• [Data]:
★ ★ ★

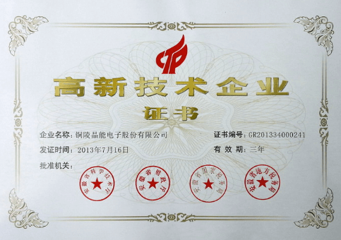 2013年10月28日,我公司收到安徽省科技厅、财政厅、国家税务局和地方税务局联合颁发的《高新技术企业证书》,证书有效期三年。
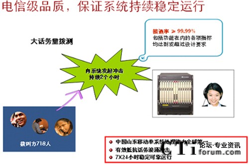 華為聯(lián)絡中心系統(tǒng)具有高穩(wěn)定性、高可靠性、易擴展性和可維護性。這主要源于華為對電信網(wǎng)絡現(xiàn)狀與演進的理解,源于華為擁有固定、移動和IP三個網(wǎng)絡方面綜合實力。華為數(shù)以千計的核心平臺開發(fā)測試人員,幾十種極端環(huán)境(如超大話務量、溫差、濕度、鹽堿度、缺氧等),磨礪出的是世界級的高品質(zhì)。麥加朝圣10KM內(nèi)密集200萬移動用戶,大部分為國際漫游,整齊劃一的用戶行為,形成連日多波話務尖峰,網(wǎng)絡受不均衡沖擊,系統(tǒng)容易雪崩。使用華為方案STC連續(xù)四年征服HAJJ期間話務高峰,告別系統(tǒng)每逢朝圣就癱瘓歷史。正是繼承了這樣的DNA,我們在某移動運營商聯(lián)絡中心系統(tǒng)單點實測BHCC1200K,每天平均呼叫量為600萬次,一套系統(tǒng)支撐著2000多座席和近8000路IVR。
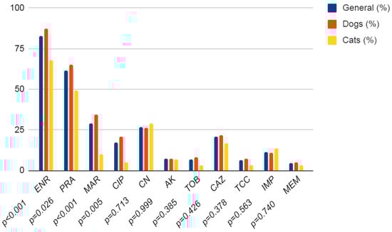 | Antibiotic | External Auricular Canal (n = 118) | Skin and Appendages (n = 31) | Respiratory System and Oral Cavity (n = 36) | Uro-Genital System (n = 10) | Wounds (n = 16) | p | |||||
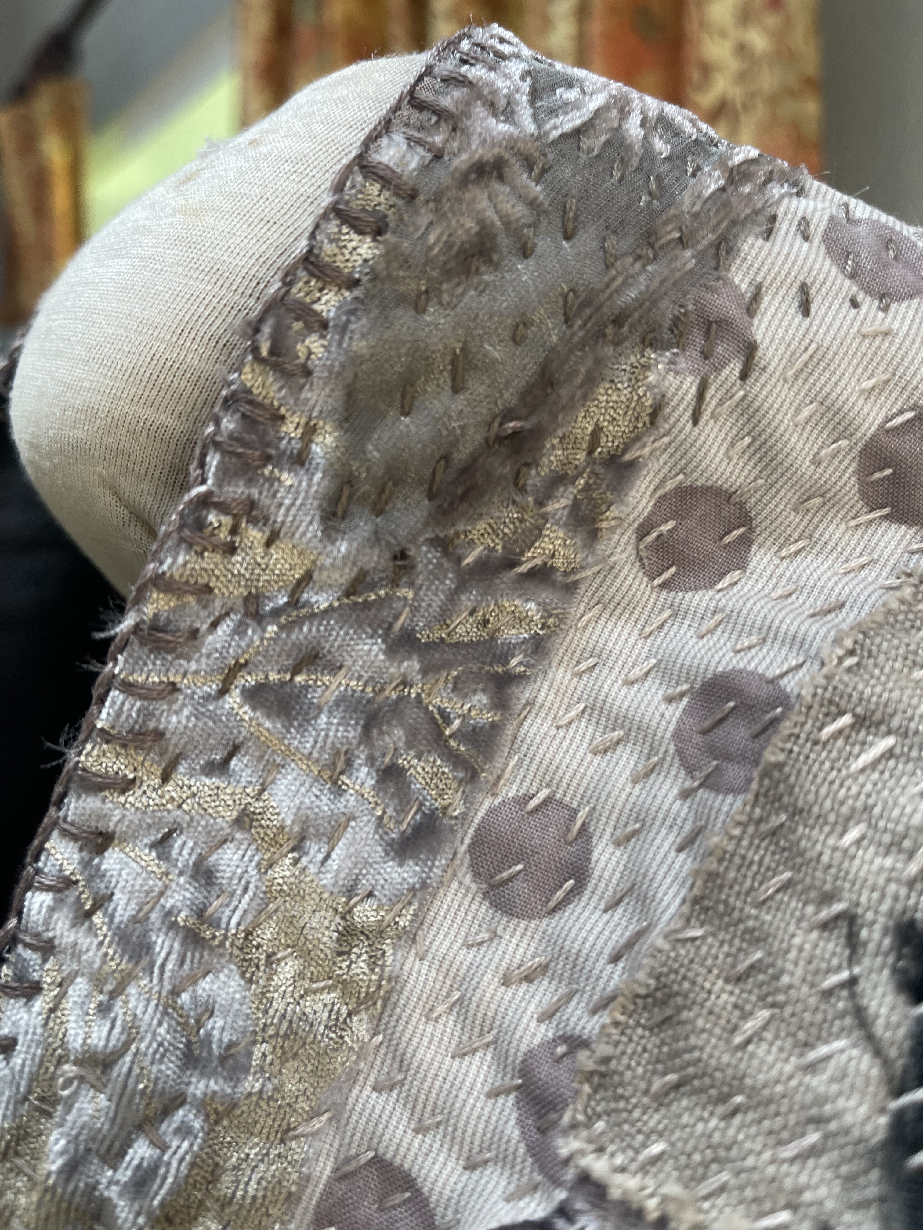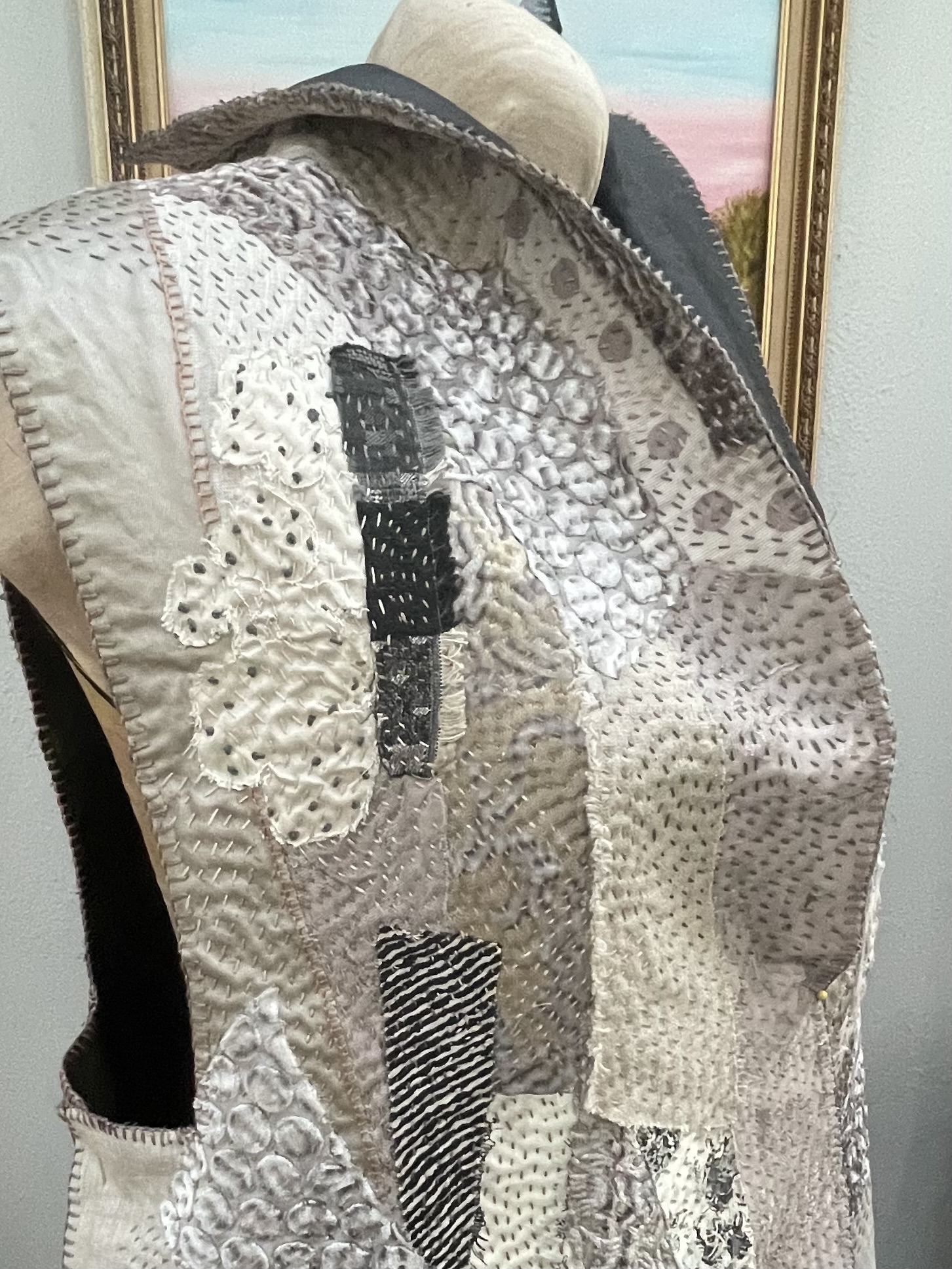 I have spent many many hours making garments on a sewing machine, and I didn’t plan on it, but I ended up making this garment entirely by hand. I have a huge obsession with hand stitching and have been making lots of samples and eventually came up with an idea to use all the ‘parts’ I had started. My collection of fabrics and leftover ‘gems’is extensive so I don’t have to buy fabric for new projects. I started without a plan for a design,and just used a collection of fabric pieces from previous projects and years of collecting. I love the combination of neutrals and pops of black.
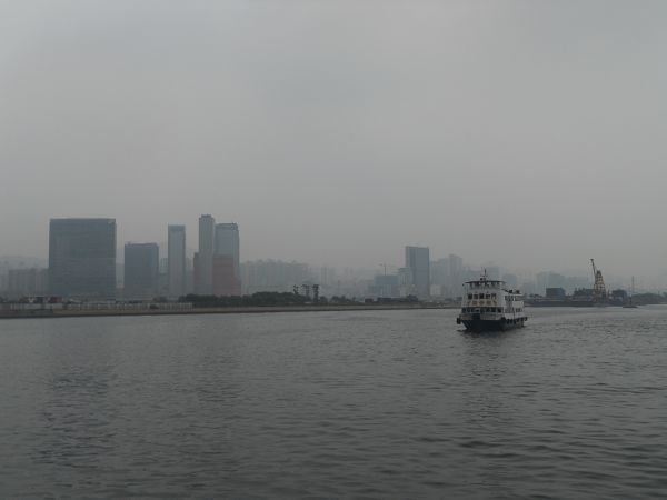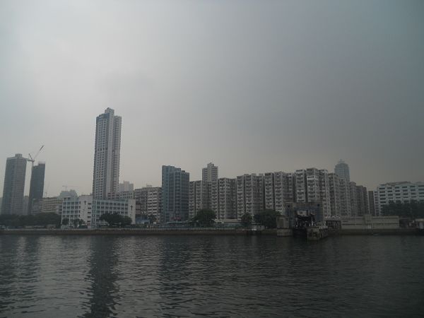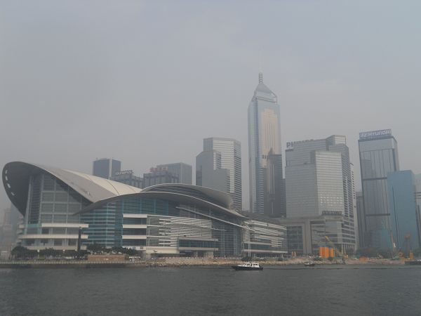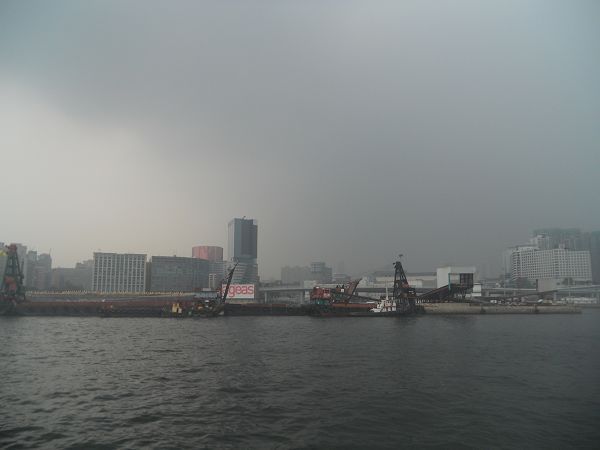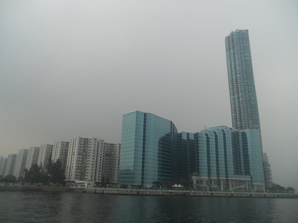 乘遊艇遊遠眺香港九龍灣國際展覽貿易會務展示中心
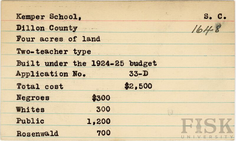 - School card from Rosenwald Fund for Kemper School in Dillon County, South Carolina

★ ★ ★

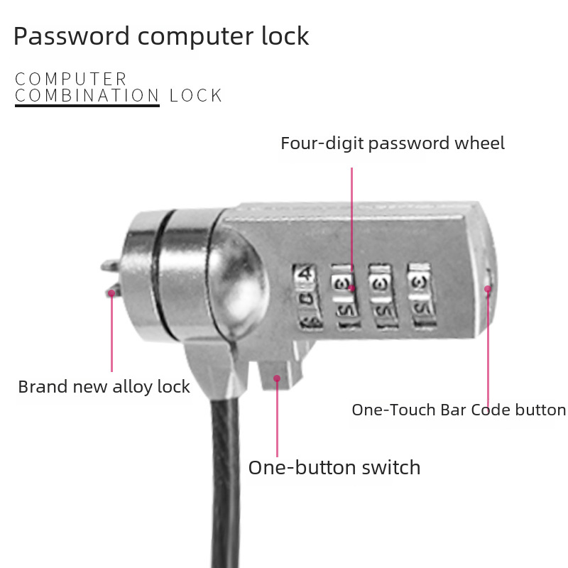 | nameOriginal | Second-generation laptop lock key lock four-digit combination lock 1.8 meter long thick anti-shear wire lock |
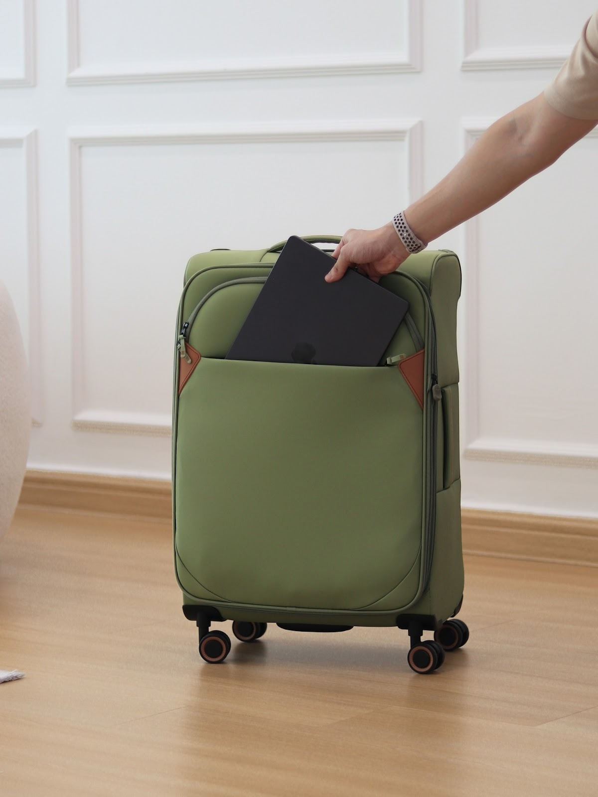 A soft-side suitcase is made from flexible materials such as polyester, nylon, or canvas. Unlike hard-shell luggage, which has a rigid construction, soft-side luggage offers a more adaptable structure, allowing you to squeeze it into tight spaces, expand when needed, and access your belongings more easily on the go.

★ ★ ★

• [Work request]: Using the data above, set down each line from the line with "乘遊艇遊遠眺香港九龍灣國際展覽貿易會務展示中心" to the line with "- School card" exactly, both ends included, and leave the pictures behind. Nothing else belongs.

• [Solution for this exercise]:
 乘遊艇遊遠眺香港九龍灣國際展覽貿易會務展示中心
 - School card from Rosenwald Fund for Kemper School in Dillon County, South Carolina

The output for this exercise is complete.